Cell Viability Assays
Two stains were used to assess cell viability in monolayer cell cultures: calcein/propidium iodide (PI) staining and TUNEL. To assess membrane integrity, live cell cultures were double-stained with 2 μ M calcein-AM and 5 μ M PI (both dyes from Molecular Probes, OR) for 15 min in warm DMEM. The numbers of calcein-positive and PI-positive cells were counted in each of three 100× magnification images with BioQuant Nova image analysis software (BioQuant, TN) under fluorescent light, and the data expressed as number of PI-positive cells per total stained cells (n = 6 images). The total numbers of cells assessed in each sample group averaged 1,464.
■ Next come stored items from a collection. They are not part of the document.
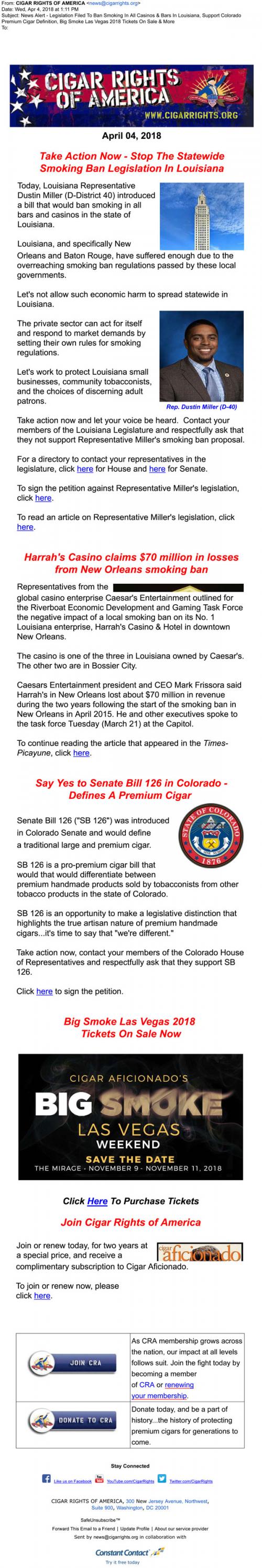 Email from Cigar Rights of America in April 2018 announcing pressing legislation concerning a smoking ban in bars and casinos in Louisiana, and how to sign a petition or contact representatives. Other news includes Colorado's definition of a "premium cigar" and how to sign a petition supporting that bill. Announces an upcoming Big Smoke Las Vegas event and solicits for memberships and donations.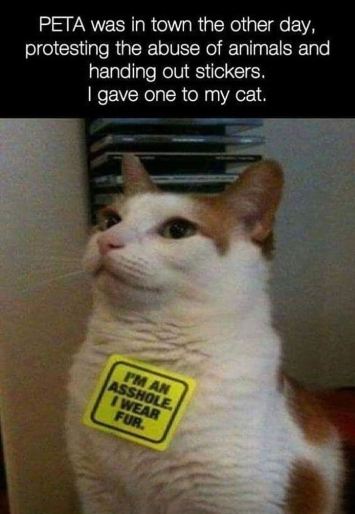 I once saw a PETA vehicle in macdonAlds drive thru lmao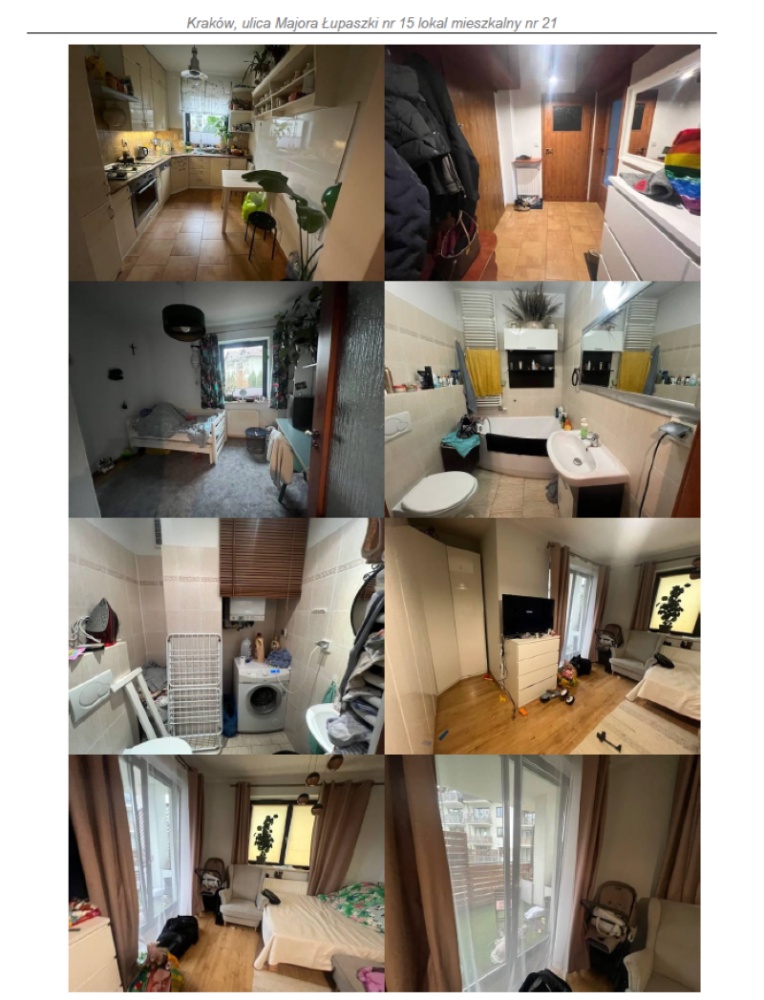 2. udziału 1/2 części nieruchomości lokalowej obejmującej samodzielny lokal mieszkalny nr 21 o pow. 49,02 m2 zlokalizowany w budynku mieszkalnym wielolokalowym nr 15 w Krakowie przy ulicy Majora Łupaszki, dla którego Sąd Rejonowy dla Krakowa – Podgórza w Krakowie IV Wydział Ksiąg Wieczystych prowadzi KW o numerze: KR1P/00468928/4, wchodzącego w skład masy upadłości Andrzeja Cabaja
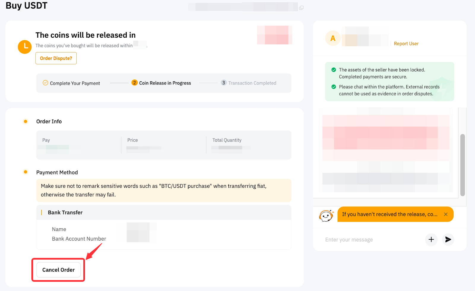 Шаг 1. Нажмите Отменить ордер в нижней части страницы P2P-ордера.

To assess the degree of DNA fragmentation in monolayer cultures, paraformaldehyde-fixed cells were stained with the TUNEL assay for DNA strand breaks (ApopTag Fluorescein, Chemicon, CA). The TUNEL assay was then carried out according to the manufacturer's instructions, including ethanol/acetic acid postfixation, proteinase K digestion, and the use of nuclease-treated samples as a positive control. Cell cultures were coverslipped with VectaShield mounting medium containing the nuclear stain DAPI (Vector Labs, CA) and incubated in the dark for 30 min before analysis. The numbers of TUNEL-positive and DAPI-positive cells were counted in 3 images of 2 monolayer cultures (n = 6) with BioQuant Nova, and the data expressed as percent TUNEL-positive cells per total (DAPI-positive) cells.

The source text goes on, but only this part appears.